After all, a vote for Trump was, essentially, a vote for doom. To some extent this wasn't even a complicated question, but coming from a base that seemed to glorify itself in its maskless festivals, full of love for its One and only, it is possible that none of this should have come as a great surprise.

If Donald Trump has become something of a god to his supporters, then it might be helpful to ask what kind of god would be so assertive about setting the planet on fire (and, while tending to that, murdering his own apprentices with Covid-19)? We may have to think of him, in fact, as our own ferryman Charon on the River Styx, rowing us all into what could someday literally be hell on earth.

Because, after all, I am writing this article in New York City on a November day when it is 23ºC outside.[I] (and no, this is not a misprint). Yet another tropical storm in a record year has drenched parts of Florida, a place that is no longer a swing state but, like Mar-a-Lago, it is owned by the Donald. Meanwhile, parts of the West – having burned, smoked and ignited in a historic situation, across millions and millions of hectares, amidst abundant heatwaves – are still burning (although hardly anyone notices). , and the world could not be less united.

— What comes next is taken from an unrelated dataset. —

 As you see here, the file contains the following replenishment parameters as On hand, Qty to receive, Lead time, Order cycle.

In a Senate controlled by Mitch McConnell, new green deals or two trillion dollar plans will become more fantastic than Donald Trump himself. Still, with Joe Biden and Kamala Harris at least leading a deeply divided country amidst a pandemic and an economy gone to hell, the pyromania will, to some extent, subside. Some modest steps can even be taken towards alternative forms of energy, and some more to save the environment as well as a suffering humanity. It won't be what is really needed, but it won't be another flame either, and that's the best thing to say about our moment and why it really mattered that Donald Trump didn't get re-elected.

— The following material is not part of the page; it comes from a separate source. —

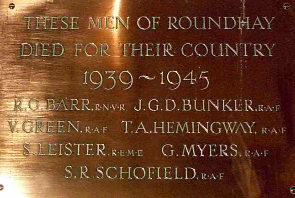 Brass plaque at St. John's Church, Roundhay, Leeds, England. (Names list incomplete)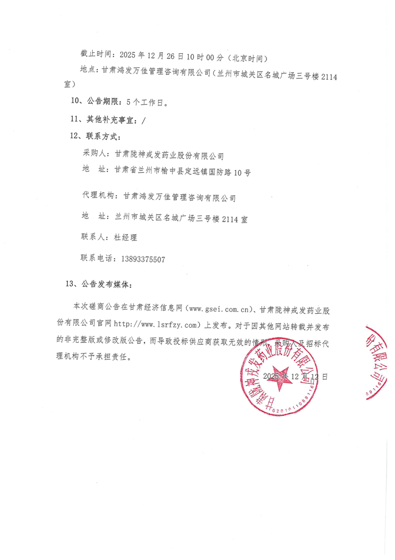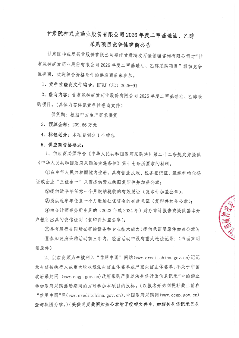 甘肅隴神戎發(fā)藥業(yè)股份有限公司2026年度二甲基硅油、乙醇采購項目競爭性磋商公告

Now, let's go back to 1991 for a moment, when that other superpower, the Soviet Union, imploded. The agents of American power (including Joe Biden), believing themselves to be alone on Planet Earth and powerful beyond imagination, believing themselves to be the heirs of everything that happened, started what would be disastrous eternal wars, certain that this planet belonged to them , even when the story itself – imagine! – was running out.

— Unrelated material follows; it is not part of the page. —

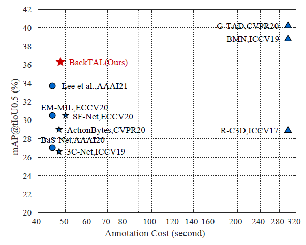 그림에서 볼 수 있듯, 사실 click level로 annotation 했다고 해서 annotation cost가 막 증가하고 그러지 않다고 합니다. 비슷한 annotation cost를 가지는 상황에서는 제일 좋은 성능을 보여주고 있습니다. 저기 위에 보이는 G-TAD랑 BMN은 supervised이니 cost가 큰 대신 성능은 그래도 더 높네요.

Nearly three decades later, the same last superpower is a democracy in decline, not to say in chaos; an imperialist power in global decline; a military power that cannot find a war to win (although Congress, regardless of who the president is, appropriates more and more money to finance the military-industrial complex). We have a 78-year-old man preparing to occupy the Oval Office and another 78-year-old man preparing to oppose him in the Senate, while an 80-year-old man runs Congress. Doesn't that say something about a country swept by a pandemic – 100 cases or more a day – and, despite Donald Trump's assurances, with no possible 'exit' in sight? And none of this would be the end of the world, so to speak, if it weren't for climate change.

It is true that Covid-19 has turned this country into a kind of hell on Earth, having been left, by the president, free to roam it in an unprecedented way. Cases are rising, hospitals are overwhelmed, deaths are rising, and nearly half of America can think of nothing more than to flock to Presidential rallies, live their lives without masks, and 'open up' the economy.

Trumpism has split America in two in a way unimaginable since the Civil War. The President and the Senate are about to deadlock; the judiciary, a party issue of the first order; the national security state, a shadowy money-devouring empire; the citizens, armed to the teeth; racism on the rise, and life everywhere in a growing state of chaos.

Welcome to the (Un)United States. Donald Trump has led the way, and whatever he does, I suspect that this, at least for a while, is still, in some ways, his world, not Joe Biden's. He was the man and, like it or not, we are all his apprentices in a performance of first-rate destructive power that is still awaiting its true end.

*Tom Engelhardt is a journalist and editor. Author, among other books, of A Nation Unmade by War(Haymarket Books, 2018).

Translation: Daniel Pavan

Originally published on Salon Portal.

[I]      74ºF, in the original. The average New York temperature in November normally fluctuates between 13°C and 6°C.